[Extracted records]
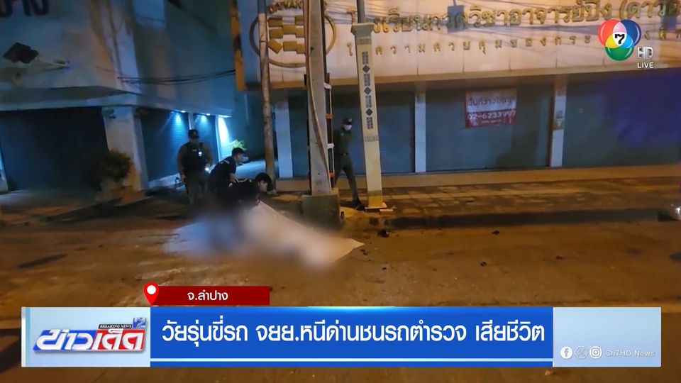 ข่าวเด็ด 7 สี - วัยรุ่น 2 คน ขี่รถจักรยานยนต์ หนีด่านตรวจเมาแล้วขับ เสียหลักพุ่งชนท้ายรถตราโล่ ตำรวจเสียชีวิต 1 คน
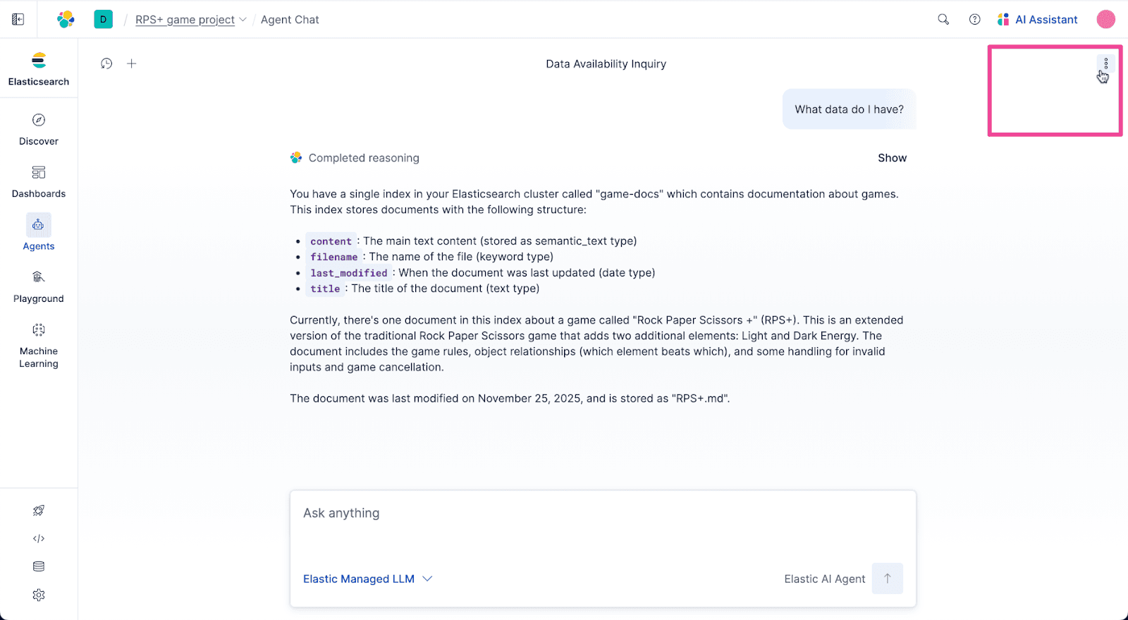 Then all you have to do is ask the default Elastic AI Agent, “What data do I have?”
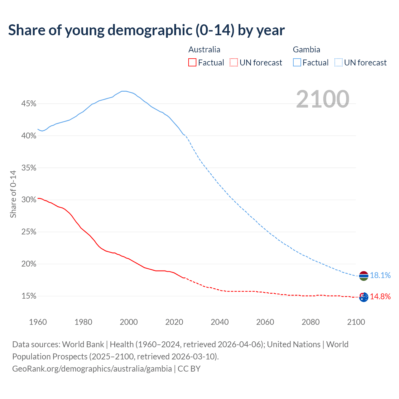 - The share of young demographic (0-15 years old) in Australia is 17.8% vs 40.2% in the Gambia.
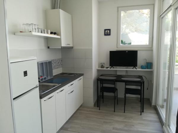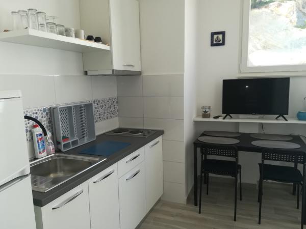 Zelo prijazni in prijazni gostitelji, prenovljen studio - s kuhinjo, kopalnico in čudovito cvetlično teraso, ki večer in jutranji zajtrk prijetno. Oprema stanovanja je nova in funkcionalna. S terase je neposreden izhod na plaže, približno 20 m. V bližini je trgovina in več restavracij. Parkiranje pod hišo. Mirna okolica, 30 minut peš do centra Omiša. Zelo smo veseli, da smo ostali na tem mestu
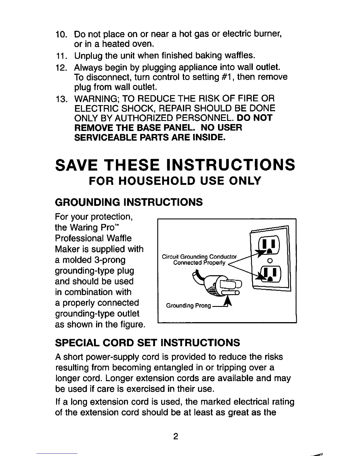 Waring WMK300 - Grounding Instructions; Special Cord Set Instructions

Exercise aim: Beginning with the line that contains "- The share" in the data above, please copy each line exactly until the last line, both ends included, skipping any pictures.

Expected answer:
 - The share of young demographic (0-15 years old) in Australia is 17.8% vs 40.2% in the Gambia.
 Zelo prijazni in prijazni gostitelji, prenovljen studio - s kuhinjo, kopalnico in čudovito cvetlično teraso, ki večer in jutranji zajtrk prijetno. Oprema stanovanja je nova in funkcionalna. S terase je neposreden izhod na plaže, približno 20 m. V bližini je trgovina in več restavracij. Parkiranje pod hišo. Mirna okolica, 30 minut peš do centra Omiša. Zelo smo veseli, da smo ostali na tem mestu
 Waring WMK300 - Grounding Instructions; Special Cord Set Instructions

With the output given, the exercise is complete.